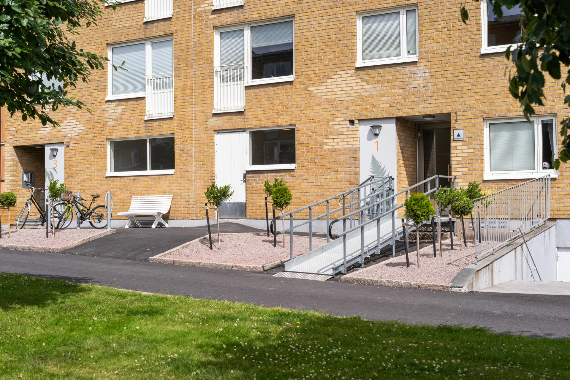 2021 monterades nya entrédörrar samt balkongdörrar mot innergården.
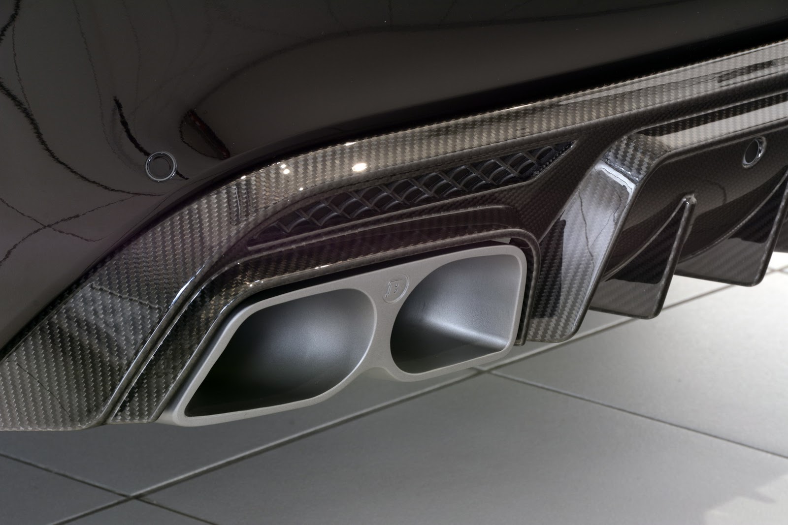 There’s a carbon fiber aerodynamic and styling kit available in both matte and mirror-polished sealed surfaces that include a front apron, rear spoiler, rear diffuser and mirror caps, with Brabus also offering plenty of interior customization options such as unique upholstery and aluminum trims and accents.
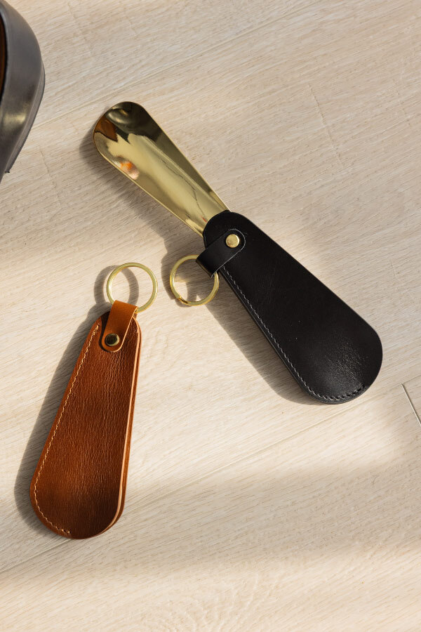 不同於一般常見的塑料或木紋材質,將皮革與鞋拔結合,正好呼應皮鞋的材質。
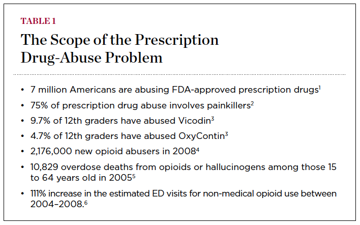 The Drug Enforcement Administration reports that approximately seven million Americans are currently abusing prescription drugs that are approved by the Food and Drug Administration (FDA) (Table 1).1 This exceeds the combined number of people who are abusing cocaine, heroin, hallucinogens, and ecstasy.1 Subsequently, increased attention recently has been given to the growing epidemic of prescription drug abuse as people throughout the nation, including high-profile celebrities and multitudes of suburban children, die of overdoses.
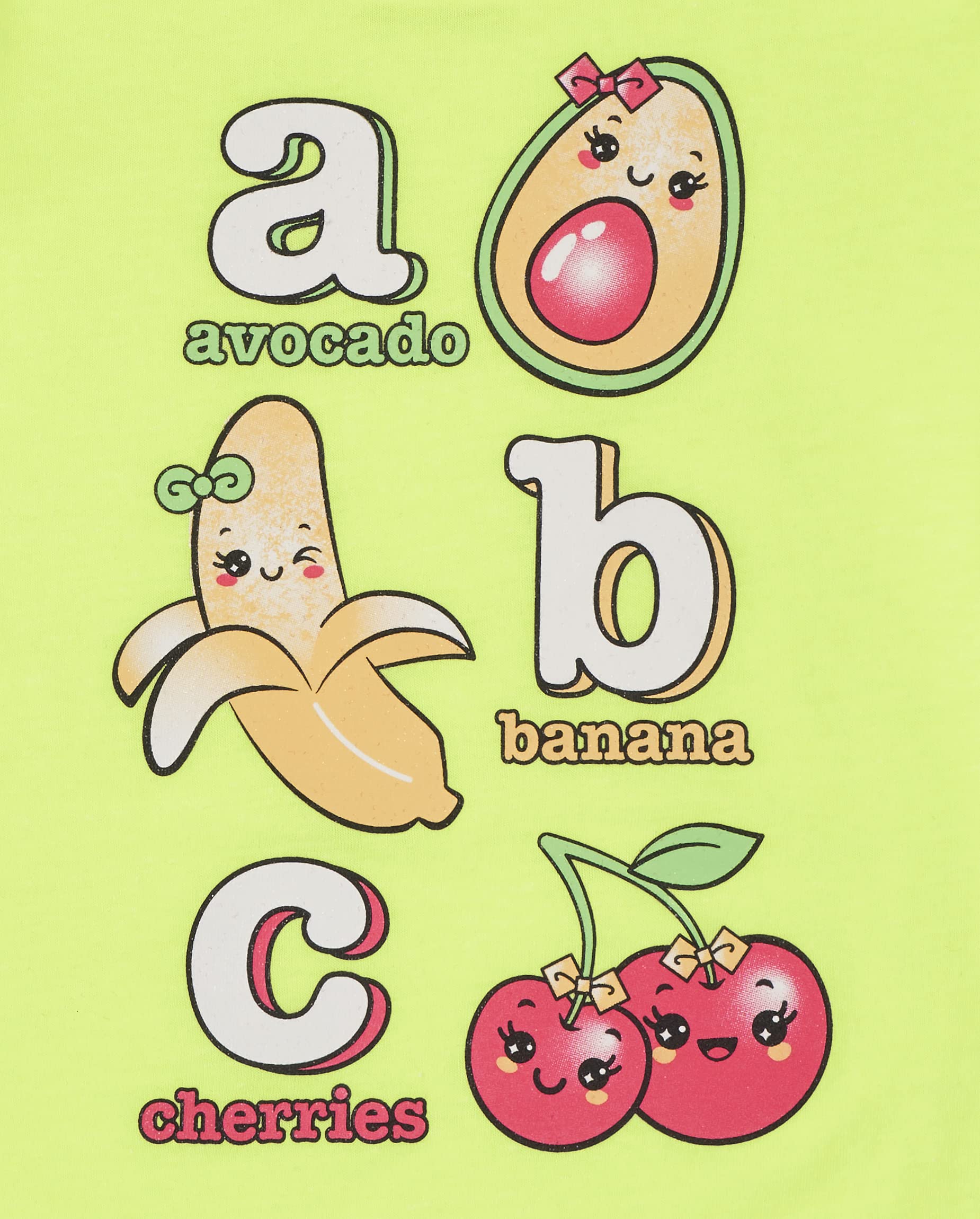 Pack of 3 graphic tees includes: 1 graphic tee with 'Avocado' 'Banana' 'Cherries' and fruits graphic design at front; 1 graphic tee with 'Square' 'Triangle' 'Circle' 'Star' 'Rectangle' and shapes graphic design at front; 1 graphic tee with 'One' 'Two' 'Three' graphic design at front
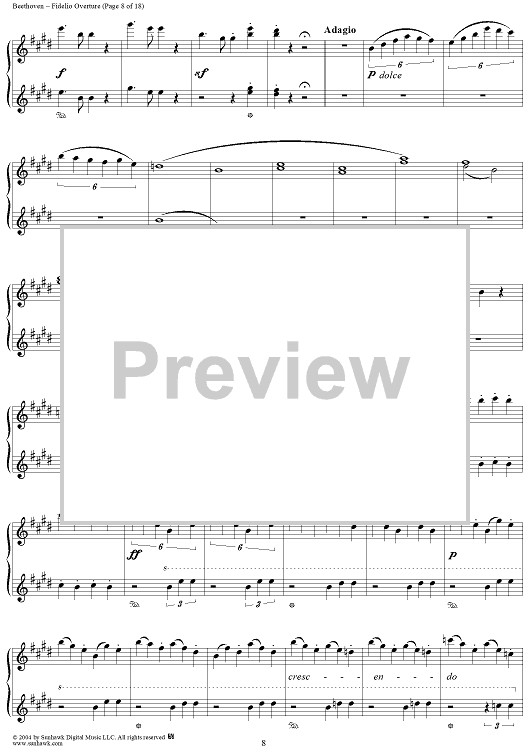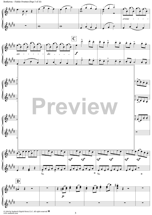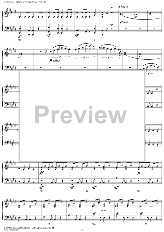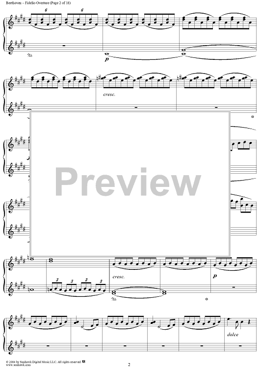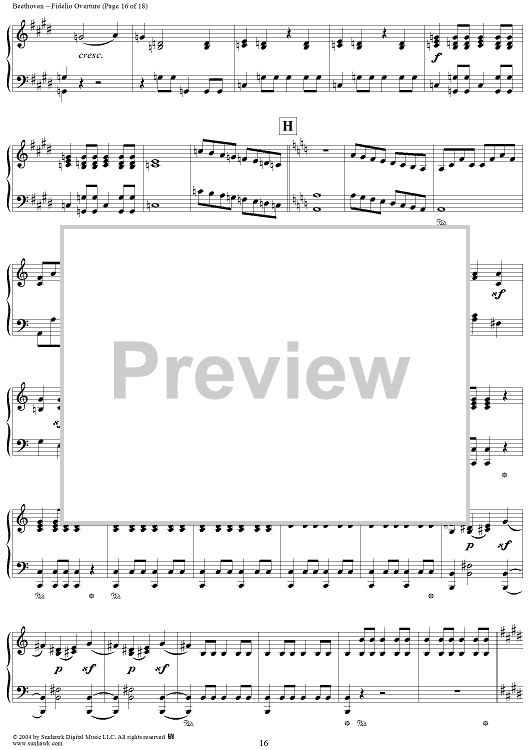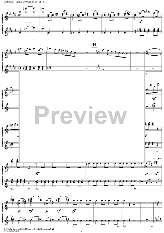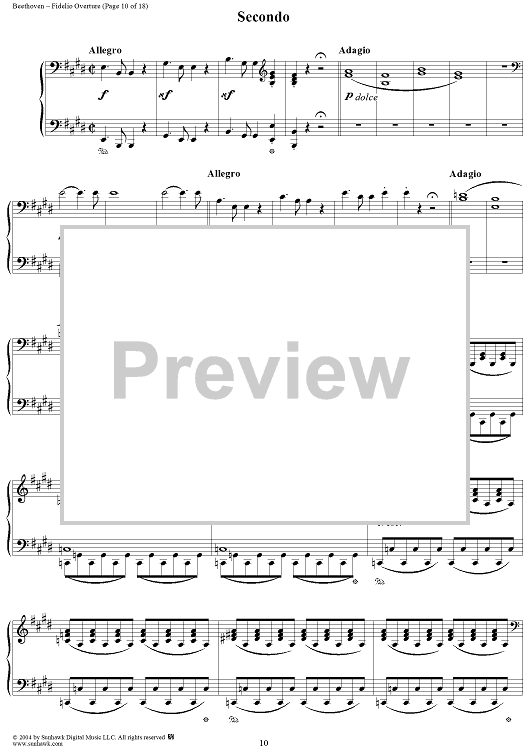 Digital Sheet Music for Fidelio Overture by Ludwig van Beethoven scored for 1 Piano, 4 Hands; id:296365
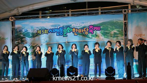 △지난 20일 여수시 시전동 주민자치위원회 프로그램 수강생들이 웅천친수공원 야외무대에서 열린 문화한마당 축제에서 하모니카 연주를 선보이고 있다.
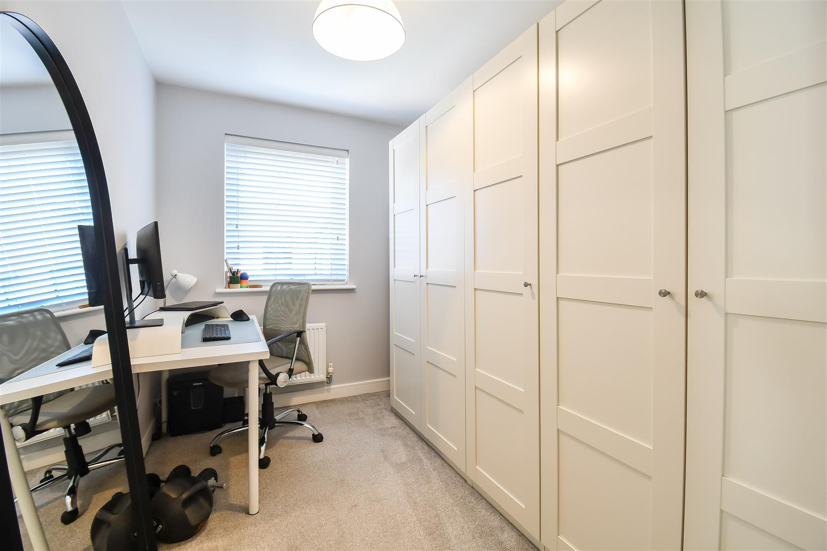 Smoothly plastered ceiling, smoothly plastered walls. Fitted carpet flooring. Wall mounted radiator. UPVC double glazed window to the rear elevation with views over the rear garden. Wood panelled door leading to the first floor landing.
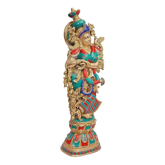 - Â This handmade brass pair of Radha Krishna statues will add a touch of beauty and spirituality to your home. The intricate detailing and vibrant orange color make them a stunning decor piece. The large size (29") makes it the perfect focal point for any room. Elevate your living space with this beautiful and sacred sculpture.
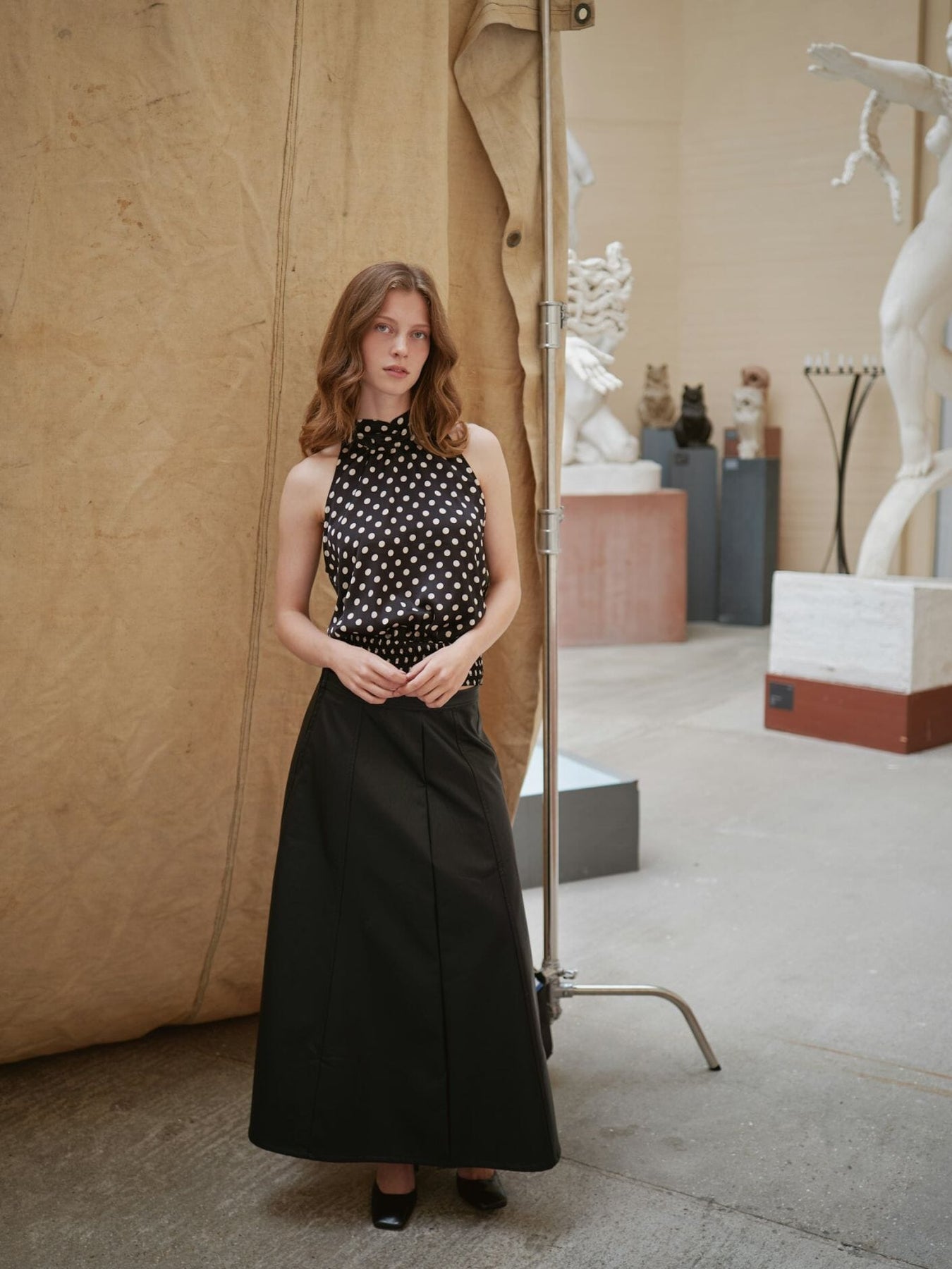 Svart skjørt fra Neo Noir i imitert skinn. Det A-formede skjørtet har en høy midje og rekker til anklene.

* * * *

Task objective: Every line from the one containing "연주를 선보이고 있다." to the last line of the material must be returned exactly. Leave out any pictures.

Solved problem:
 △지난 20일 여수시 시전동 주민자치위원회 프로그램 수강생들이 웅천친수공원 야외무대에서 열린 문화한마당 축제에서 하모니카 연주를 선보이고 있다.
 Smoothly plastered ceiling, smoothly plastered walls. Fitted carpet flooring. Wall mounted radiator. UPVC double glazed window to the rear elevation with views over the rear garden. Wood panelled door leading to the first floor landing.
 - Â This handmade brass pair of Radha Krishna statues will add a touch of beauty and spirituality to your home. The intricate detailing and vibrant orange color make them a stunning decor piece. The large size (29") makes it the perfect focal point for any room. Elevate your living space with this beautiful and sacred sculpture.
 Svart skjørt fra Neo Noir i imitert skinn. Det A-formede skjørtet har en høy midje og rekker til anklene.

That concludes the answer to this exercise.